Juan Edghill a annoncé qu'il allait dans un premier temps réexaminer l'exploitation des autres ferries circulant sur cette route. Il a rappelé que les navires plus anciens devaient être soumis à des inspections particulières. La liste exacte des passagers du MV Barima est actuellement recoupée avec l'aide des proches et de représentants des communautés, afin de déterminer le nombre définitif des disparus.
Conséquences pour le trafic par ferry
Wayne Kitson a déclaré que l'identification des corps repêchés était en cours. Des équipes médico-légales sont mobilisées pour identifier formellement les victimes et informer les familles. Les autorités ont demandé de la patience, car certains des corps repêchés ne pourront être attribués avec certitude que dans les jours à venir.
Le gouvernement a également annoncé des aides financières pour les familles des victimes. Le président Ali a parlé d'un deuil national et a ordonné que les drapeaux soient mis en berne sur les bâtiments publics. Les écoles et les établissements publics des régions concernées ont ouvert en retard lundi ou sont restés fermés, afin de laisser place au deuil et aux opérations d'assistance.
À chaque heure qui passe sans nouveaux signes de vie, les chances de retrouver d'autres survivants diminuent. L'opération de recherche se poursuivra toutefois tant qu'il existera ne serait-ce qu'une chance réaliste, a souligné le Premier ministre Phillips. L'attention internationale autour de la catastrophe n'a cessé de croître, le Guyana, pays riche en pétrole, ayant été ces derniers temps de plus en plus sous le feu des projecteurs dans la région.
Questions & Réponses
Combien de personnes se trouvent encore dans les eaux au large du Guyana après la catastrophe ?
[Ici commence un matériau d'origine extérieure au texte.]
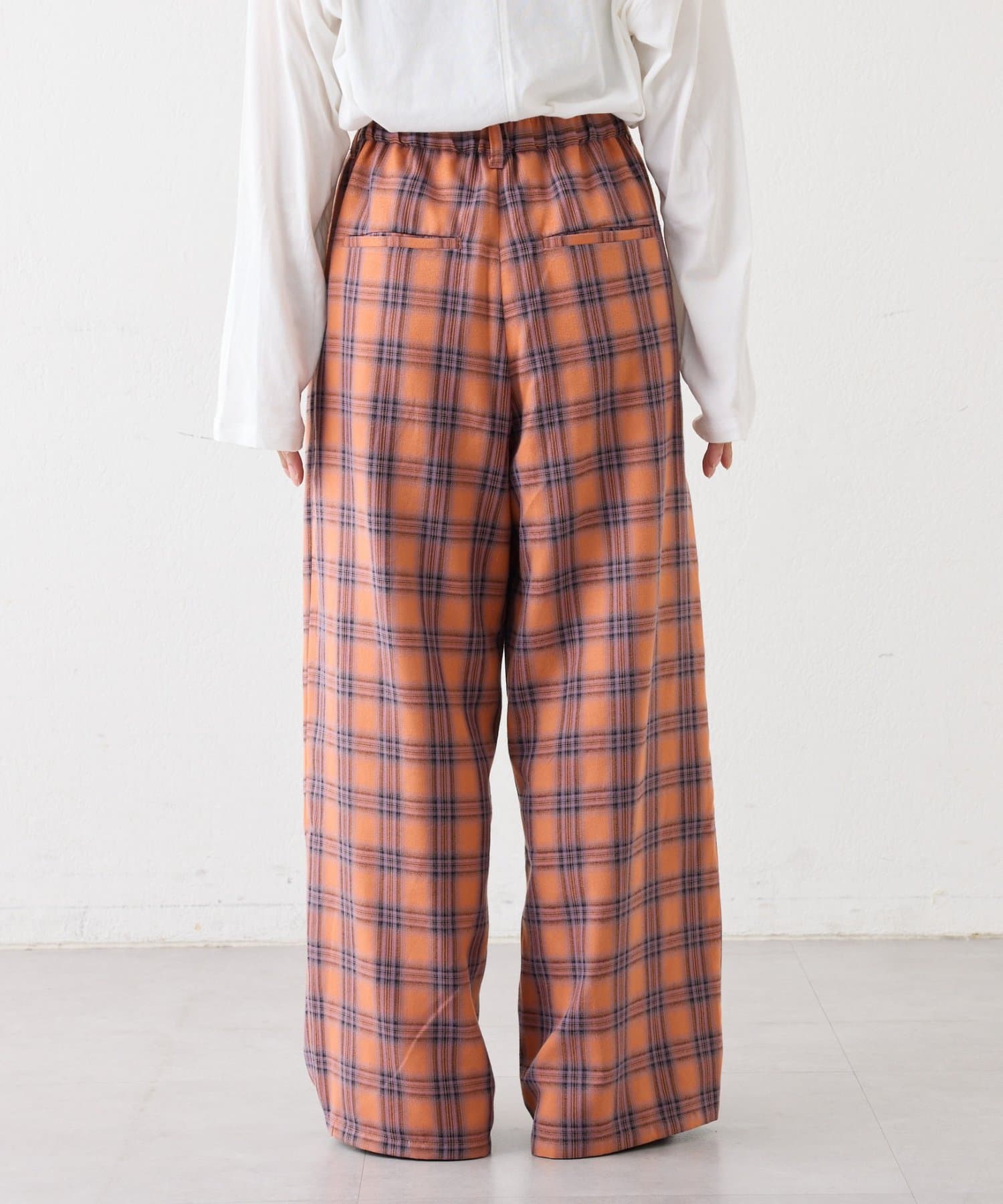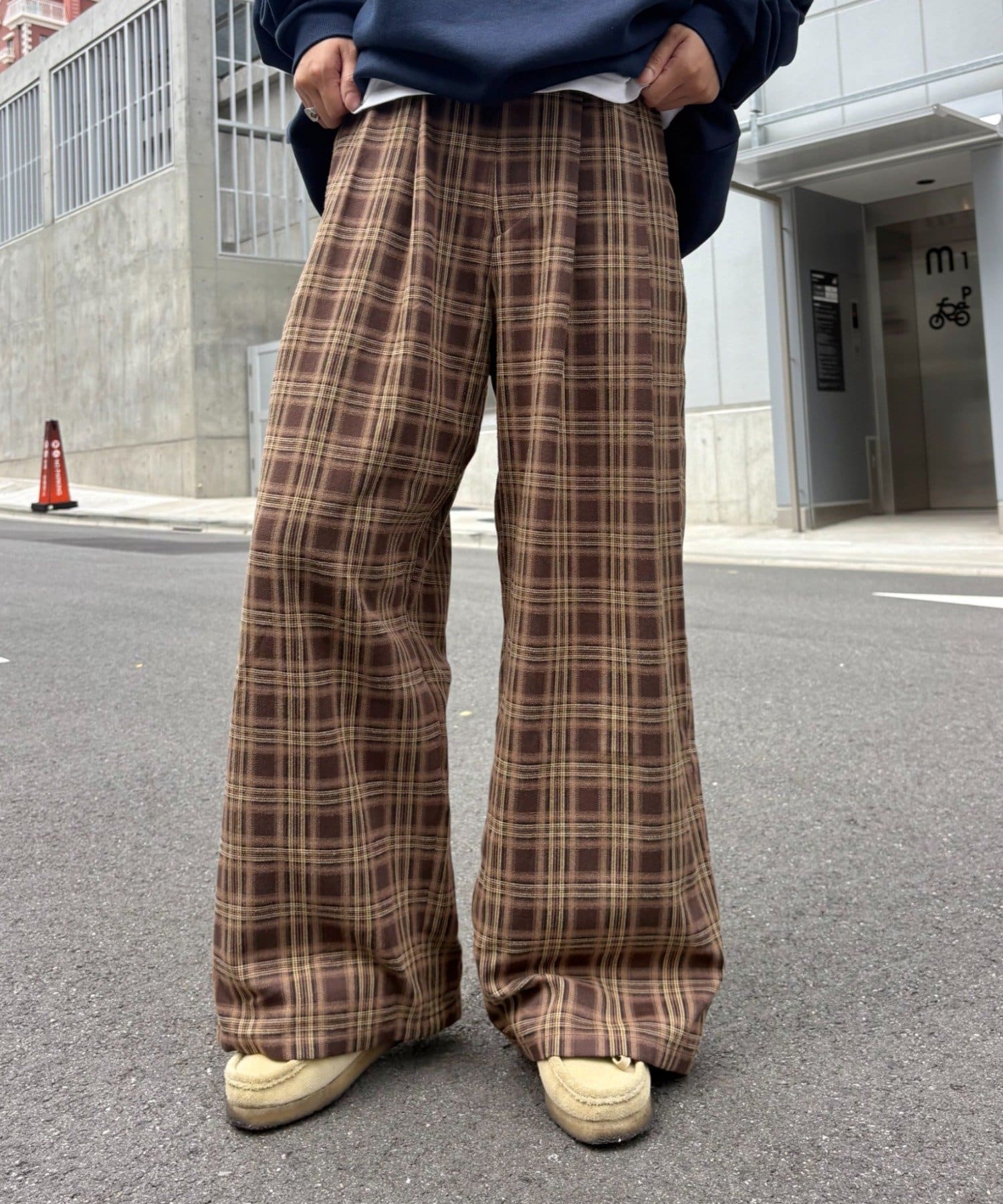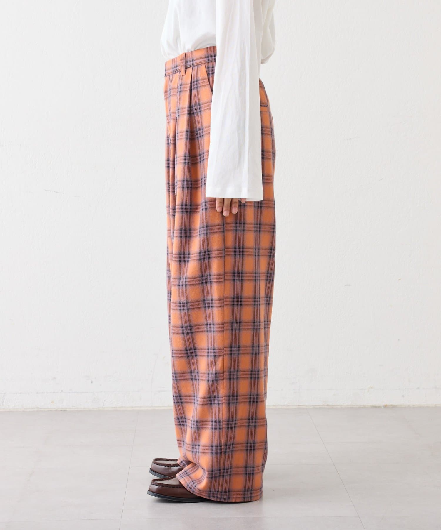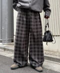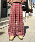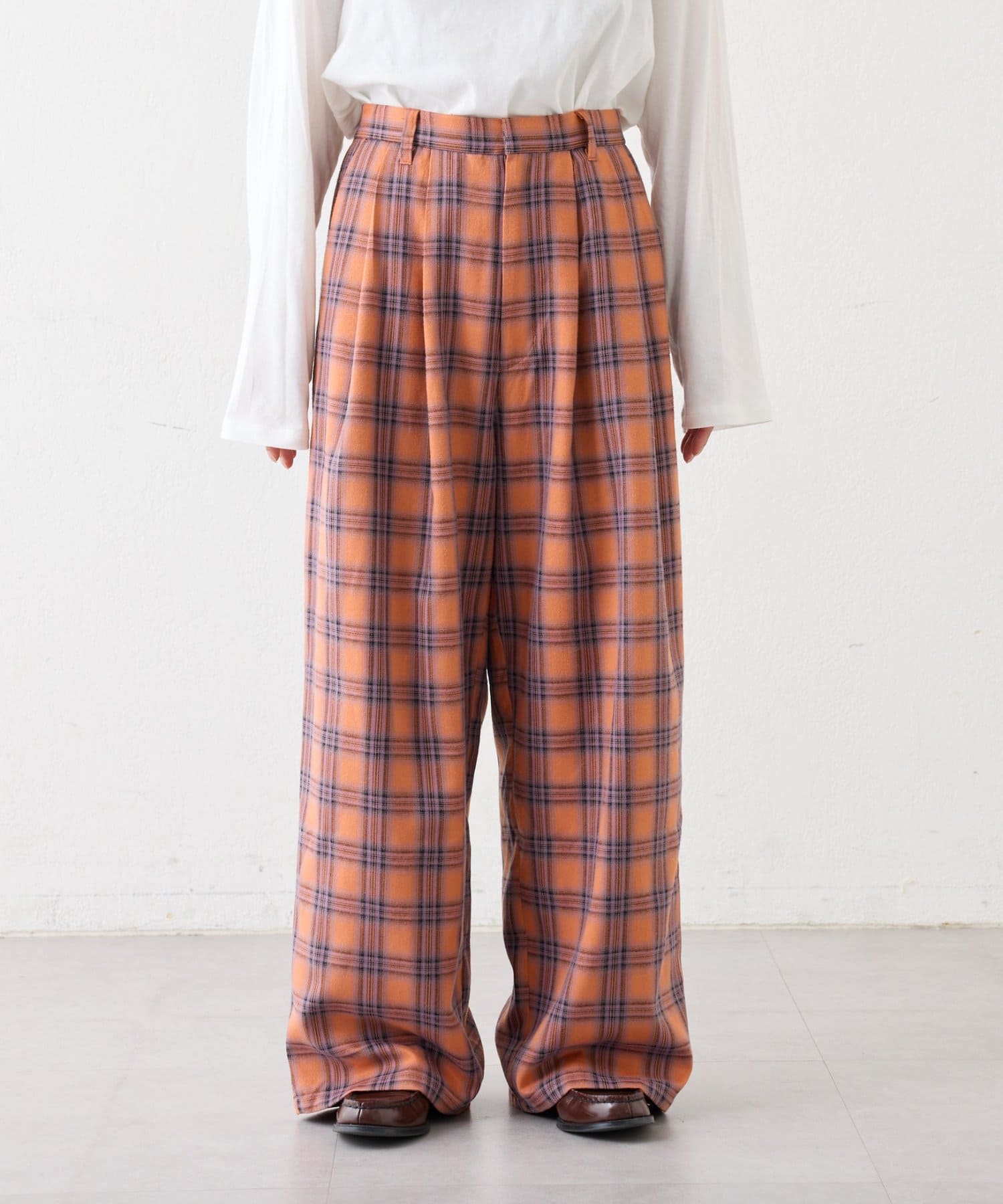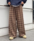 【UNISEX】ネルチェックタックボリュームワイドパンツ
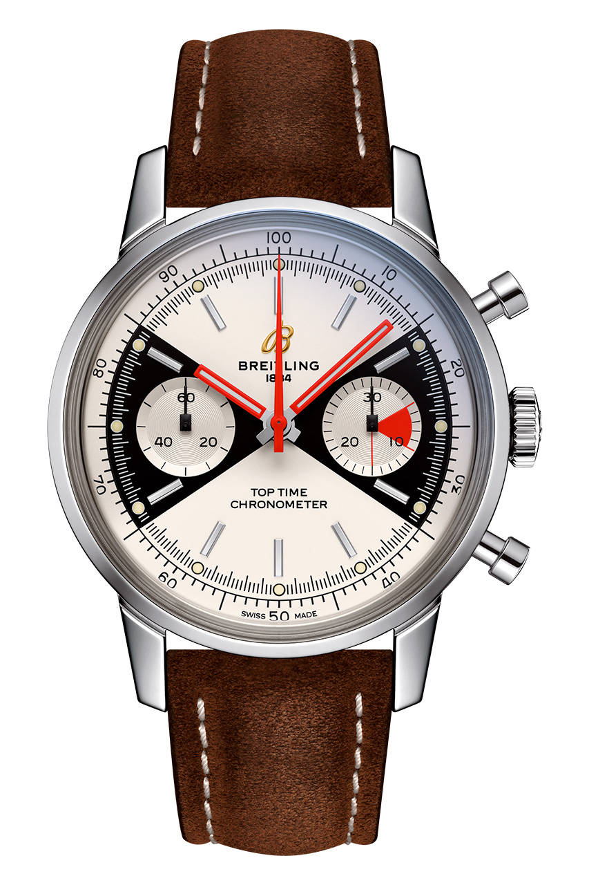 «Мы разрабатываем превосходные ультрасовременные хронографы. Главные часы этой линейки – абсолютно новая модель Top Time», – говорил Брайтлинг о новинке бренда того времени. Благодаря спортивному характеру эти часы привлекли внимание не только молодых мужчин, но и женщин, оценивших смелый дизайн и элегантность модели. Сегодня компания Breitling дарит поклонникам бренда обновленный хронограф Top Time. Его предшественник обладал одним из самых оригинальных циферблатов за всю историю часового дела и тем самым завоевал признание многих коллекционеров.
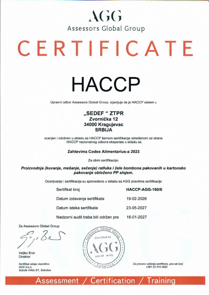 Kao temelj bezbednosti svakog našeg proizvoda, naš HACCP sistem je ponovo sertifikovan i u potpunosti usklađen sa međunarodnim preporukama.
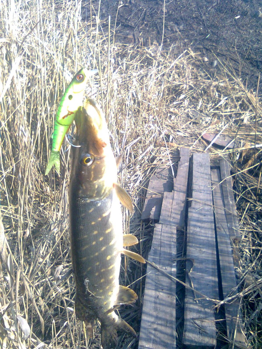 Сегодня выгуливал воблеры и неогруженую резину на Югоке.На резину хоть и были поклевки но до фотосессиине дошло а вот воблеры крепко держали зубастых.Надо будет еще попробовать половить на вэки,может результат будет получше.Еще видел нескольких однофорумчан ,один из них вовремя оказался рядом со мной когда случилась поклевка и сделал очень живое фото.
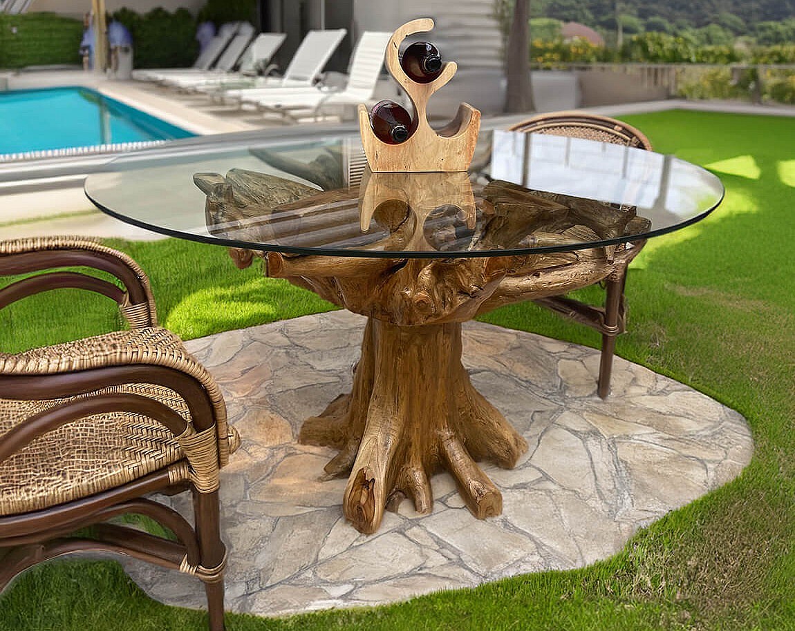 RAKINA ronde eettafel van teakhout en gehard glas - Ø130 en Ø150 cm-Diameter 150 cm

Selon les déclarations du Premier ministre Mark Phillips, au moins 83 personnes sont portées disparues, 69 ont pu être secourues et 27 morts ont été repêchés. Le nombre total de passagers est estimé à environ 180.
Quelle était la route du MV Barima lorsqu'il a chaviré ?
Le ferry, décrit comme ancien, effectuait le trajet d'environ 24 heures entre la capitale Georgetown et la localité reculée de Port Kaituma, dans la région de l'Essequibo, lorsqu'il a émis un appel de détresse et coulé dans la nuit de samedi à dimanche.
Qu'a annoncé le président Irfaan Ali après la catastrophe ?
Le président Irfaan Ali a promis, dans une allocution télévisée, une enquête approfondie, rigoureuse et indépendante sur la tragédie, et a également ordonné le versement d'aides financières aux familles des victimes.